*This review will make more sense to you if you’ve read Brian Keene‘s The Rising. If you haven’t, you need to and can pick up the author’s preferred edition right here. But even if you haven’t read either of these Keene novels, I think you’ll find something of interest below without encountering any major spoilers. At least that’s my intent. First, though, here’s the description from Amazon:
In 2003, Brian Keene’s The Rising revived horror literature’s dormant obsession with zombies. In 2007, Brian Keene’s Dead Sea knocked that obsession on its ass… The city streets are no longer safe. They are filled instead with the living dead, rotting predators driven only by a need to kill and eat. Some of the living still struggle to survive, but with each passing day, their odds grow worse. Some survivors have fled, frantically searching for a place to escape, even briefly, the slaughter around them. For Lamar Reed and a handful of others, that safe haven is an old Coast Guard ship out at sea, with plenty of water between them and the zombies. These desperate survivors are completely isolated from the dangers of the mainland. But their haven will soon become a deathtrap, and they’ll learn that isolation can also mean no escape! Deadite Press is proud to present this Author’s Preferred version of Keene’s over-the-top cult classic, which includes never-before-published material!
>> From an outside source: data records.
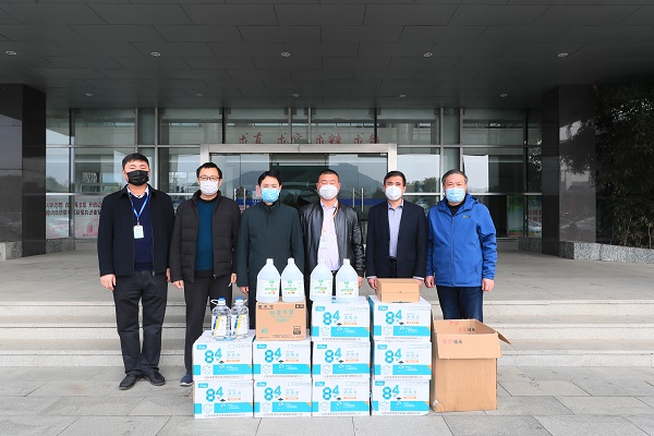 郭经理代表苏州君创餐饮管理有限公司向学院捐赠一次性口罩2000只、额温枪8把、八四消毒液10箱、一次性橡胶手套1000付、免洗抑菌洗手液4桶、消毒酒精2桶。该批物资由疫情防控后勤保障组接收,将按学校统一安排,用于假期及开学后防控一线。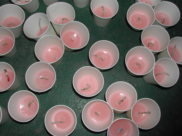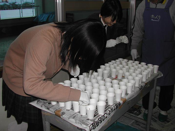 約1200個(!)の紙コップにろうを流し込み、表面が固まり始めたら”芯”を刺していきます。この加減が結構難しいんですよ。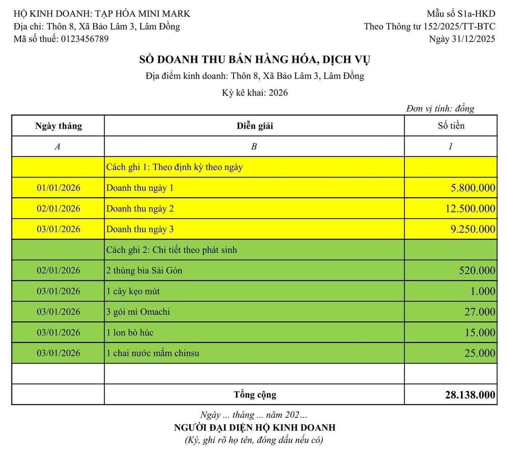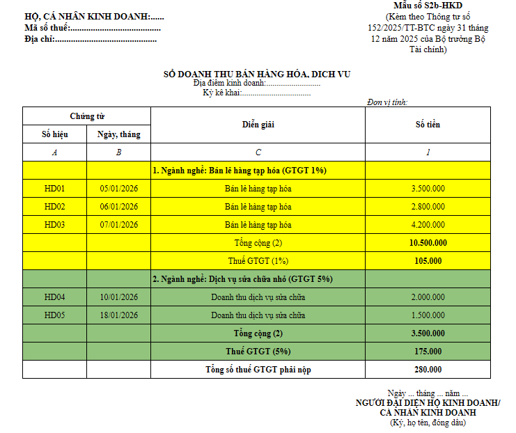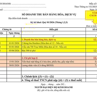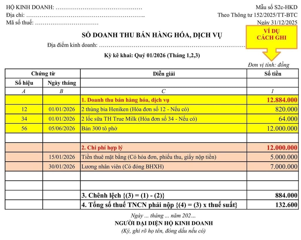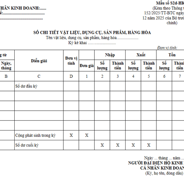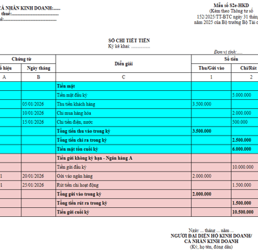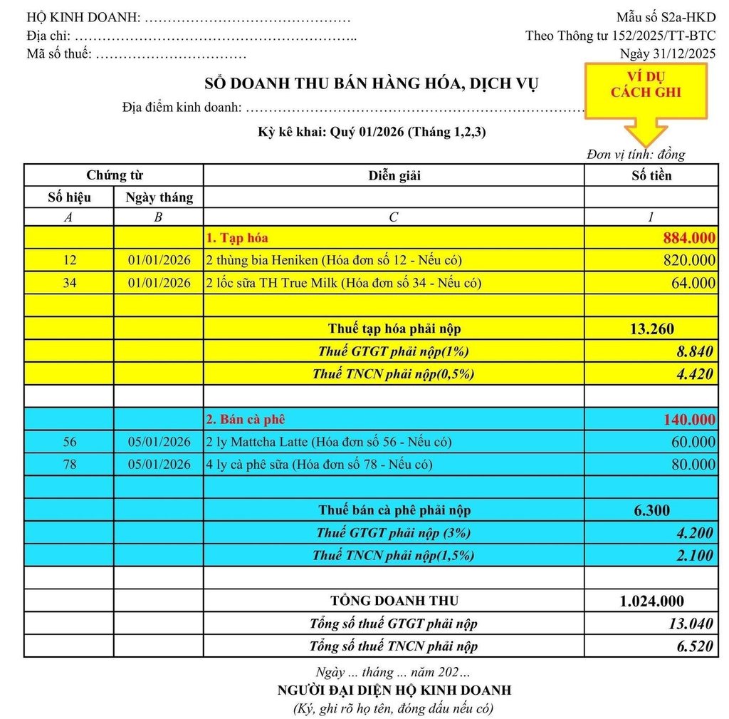 HƯỚNG DẪN GHI SỔ KẾ TOÁN CỦA HỘ KINH DOANH, CÁ NHÂN KINH DOANH MỚI NHẤT TỪ 01/01/2026 THEO THÔNG TƯ 152/2025/TT-BTC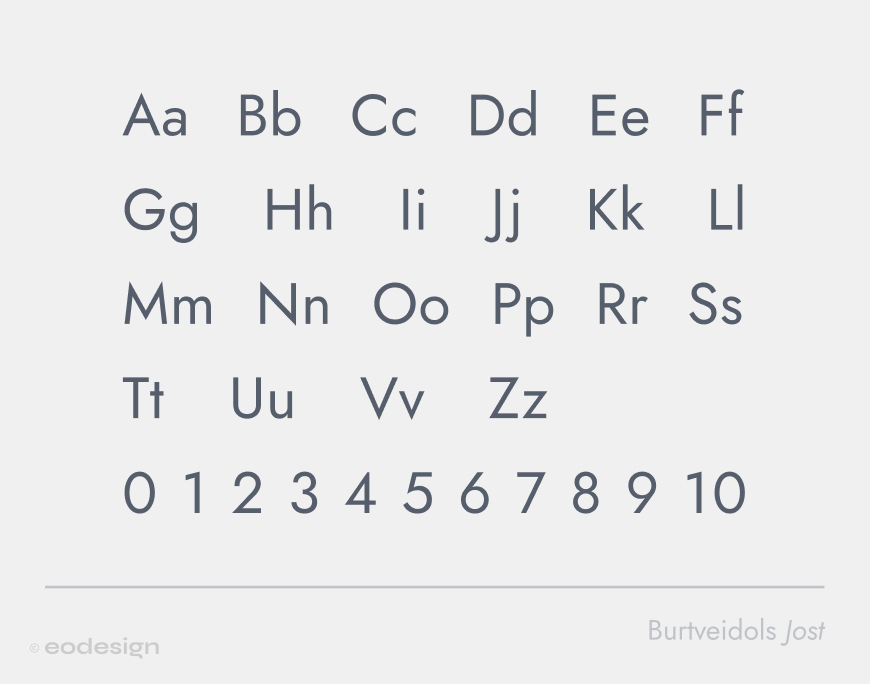 Alūksnes novada bibliotēkas vizuālās identitātes burtveidols ir Jost. Pamattekstam tiek izmantots burtveidola stils Regular, bet virsraksti tiek rakstīti ar lielajiem burtiem, izmantojot burtveidola stilu Medium.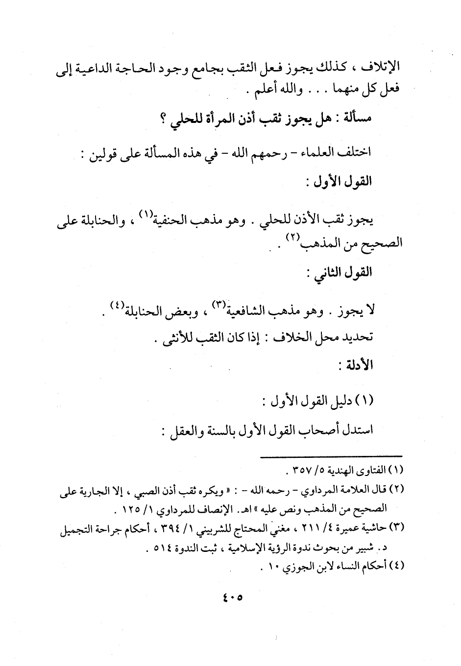 الإتلاف، كذلك يجوز فعل الثقب بجامع وجود الحاجة الداعية إلى فعل كل منهما ... والله أعلم.
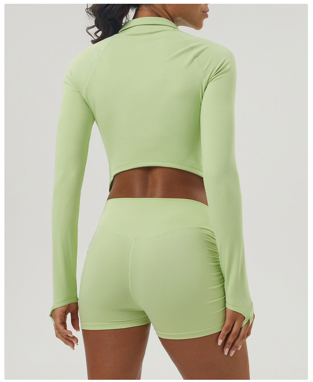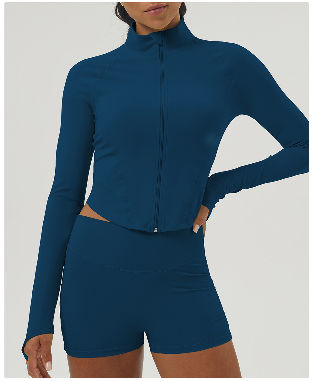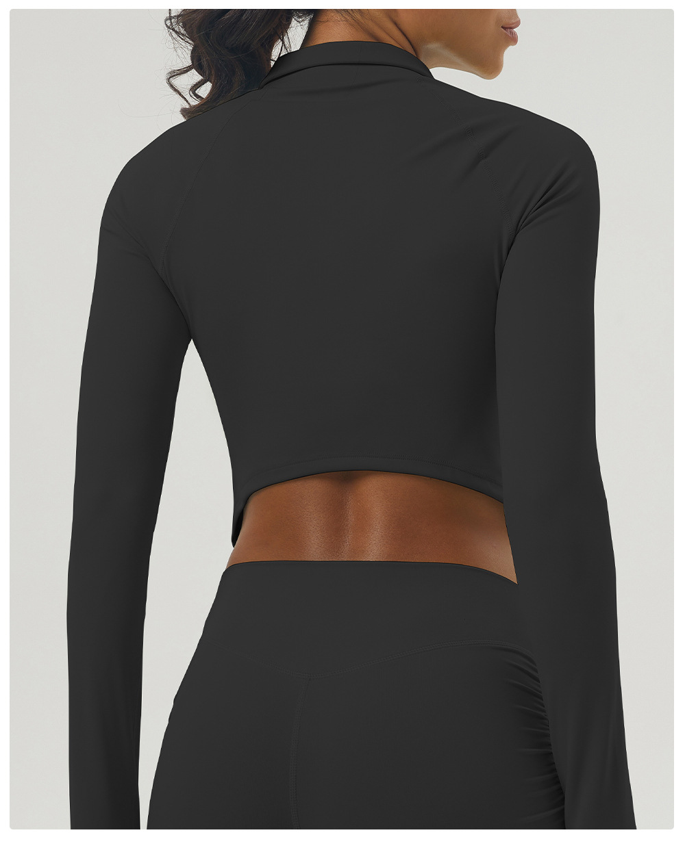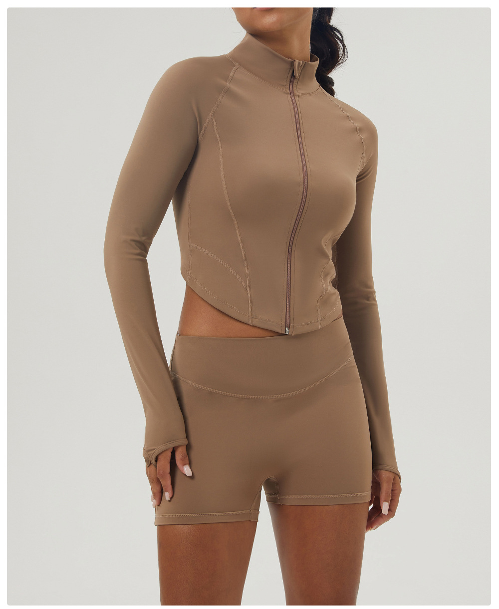 Haut de yoga automne-hiver à manches longues pour femme, col montant, coupe ajustée, veste de sport zippée pour la course à pied.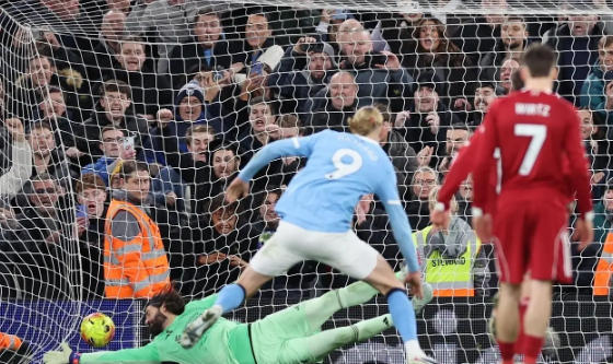 但英超聯賽向來都充滿了懸念和驚喜,它可不會讓比賽就這么平淡地結束。比賽進行到第93分鐘,場上再次發生了戲劇性的變化。阿利松出擊時絆倒了曼城的努內斯,主裁判果斷判罰點球。哈蘭德站在了點球點前,這位挪威鋒霸可是出了名的“點球專家”,他的點球技術十分精湛,很少有失手的時候。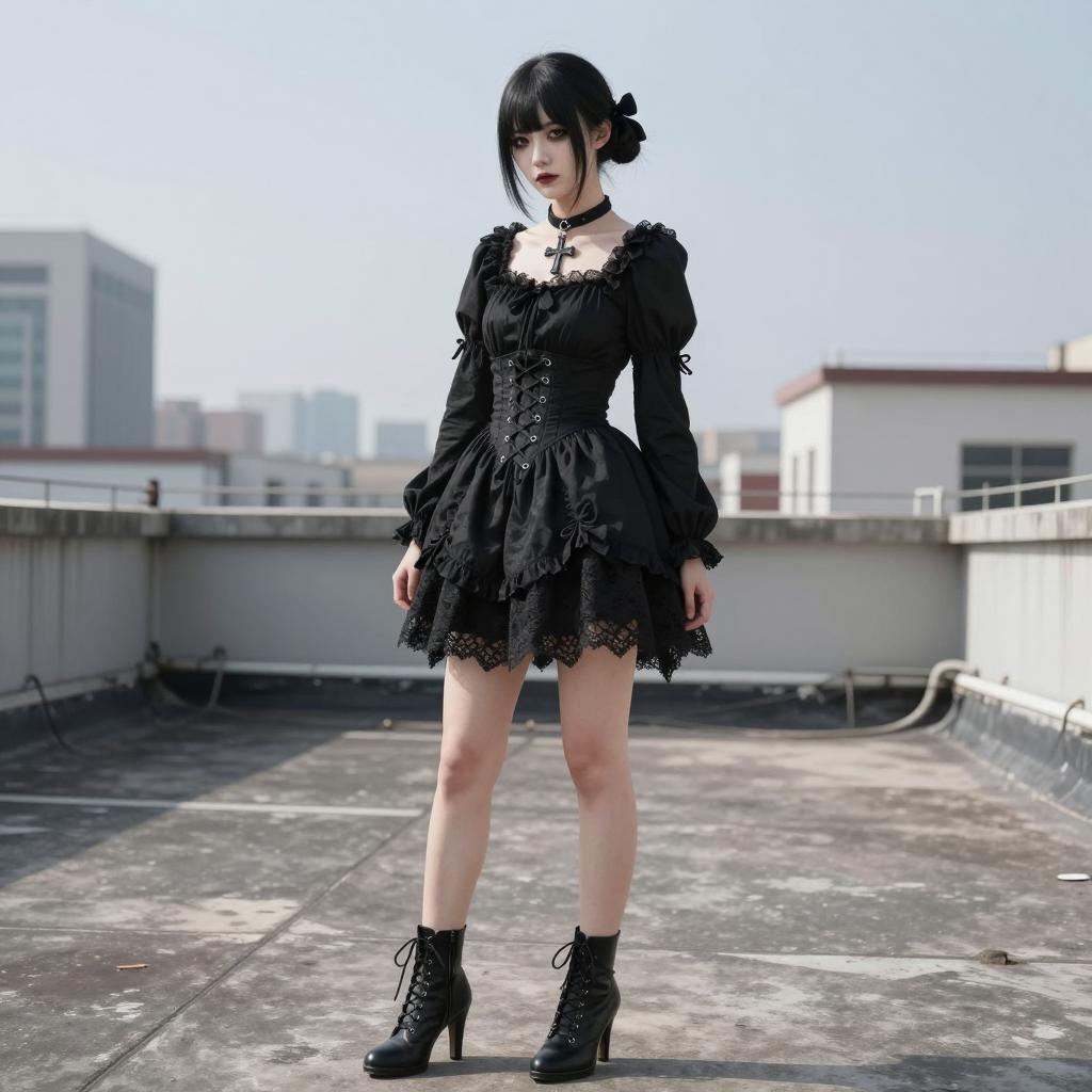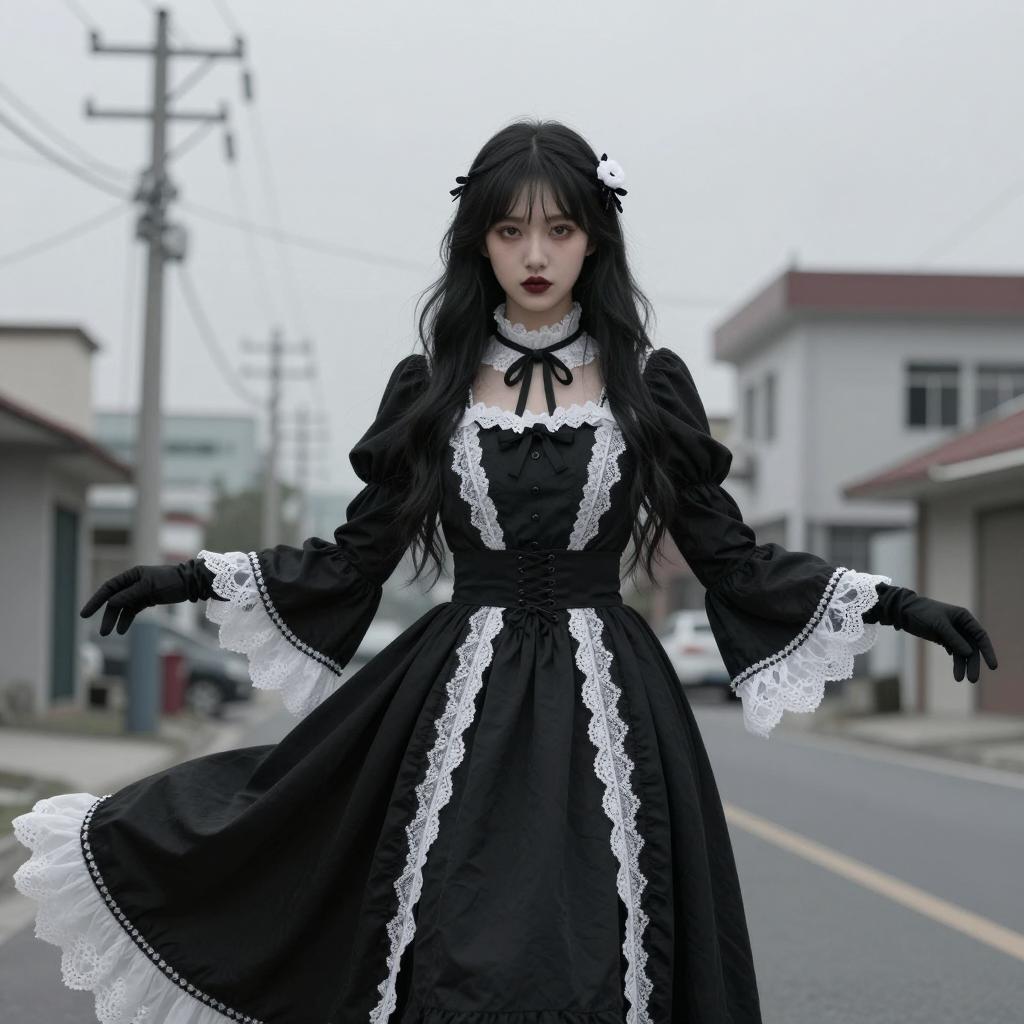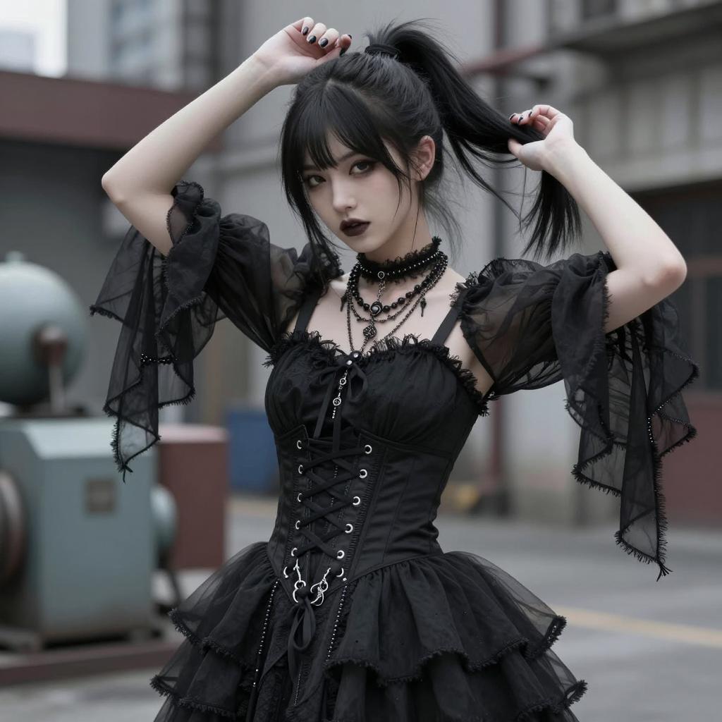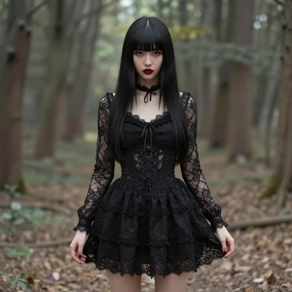 Photograph of a young woman with long black hair and blunt bangs. She wears a black lace dress with long sleeves, lace-up corset-style bodice, and lace trim. Her dark red lipstick contrasts with pale skin. She stands in a forest with blurred trees in the background. She has a neutral expression. Her arms are slightly bent at the elbows, and she stands with her legs apart.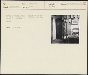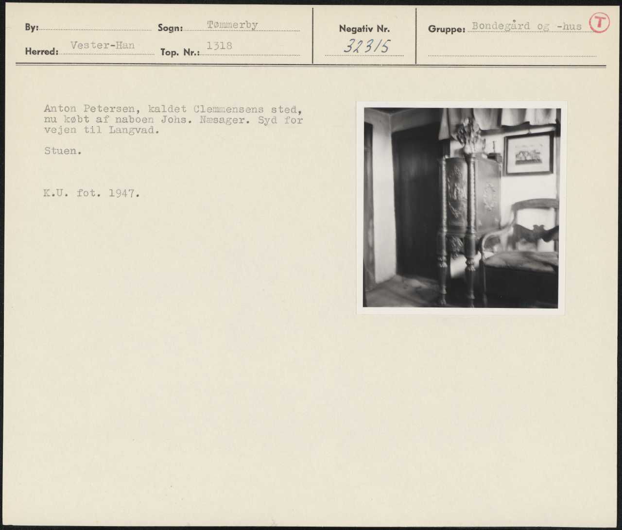 Maskingenkendt tekst fra arkivkort. Anton Petersen, kaldet Clemmensens sted, nu købt af naboen Johs. Næsager. Syd for vejen til Langvad. Stuen. K.U. fot. 1947.

Brian Keene’s Dead Sea might sound like The Rising at first glance. Same author, same genre, same sub-genre. But that’s where the similarities end. And while I really enjoyed both books, I enjoyed them in very different ways. Dead Sea is in some ways a more innocent book than The Rising. Part of this, I think, is the frequent presence of two children in Dead Sea. There’s a very important child in The Rising (the protagonist’s son), but he’s mostly off-stage in that story. Of course, this child is constantly in the protagonist’s mind, but because we don’t physically see him much, The Rising retains a certain brand of maturity and grimness that makes us worry for the child all the more.
Tasha and Malik (the two children in Dead Sea) and the nature of their relationship to the narrator (Lamar) endows the book with a sweetness and an emotional depth that surprised me. This might also be an appropriate time to mention how well Keene handles child characters. Many book and movie children grate on my nerves. An overabundance of precocity or a surfeit of preciousness can ruin a child character for me. But the kids in Keene’s novels are neither too knowing nor too adorable. They’re just right.
However, in some ways the bleakness of Dead Sea is more pronounced than it was in The Rising. There were times I felt hopeless in Dead Sea, and it’s a rare book that can make me feel that way. This isn’t to say Dead Sea is unentertaining because it is a very quick read with some excellent action sequences. It’s also scary. But there’s a growing sense of despair that culminates in a very nasty revelation very late in the novel. I won’t tell you how it ends, but I will tell you the ending surprised me. And that’s also fairly hard to do.
Lastly, though I loved both this tale and The Rising, I’m glad Brian Keene chose to sequelize The Rising and to leave this one alone. The former necessitated a sequel (which I’ll read this fall); the latter ended exactly as it should have. To be honest, I’m sort of haunted by the ending of Dead Sea. And I mean that in the best possible way.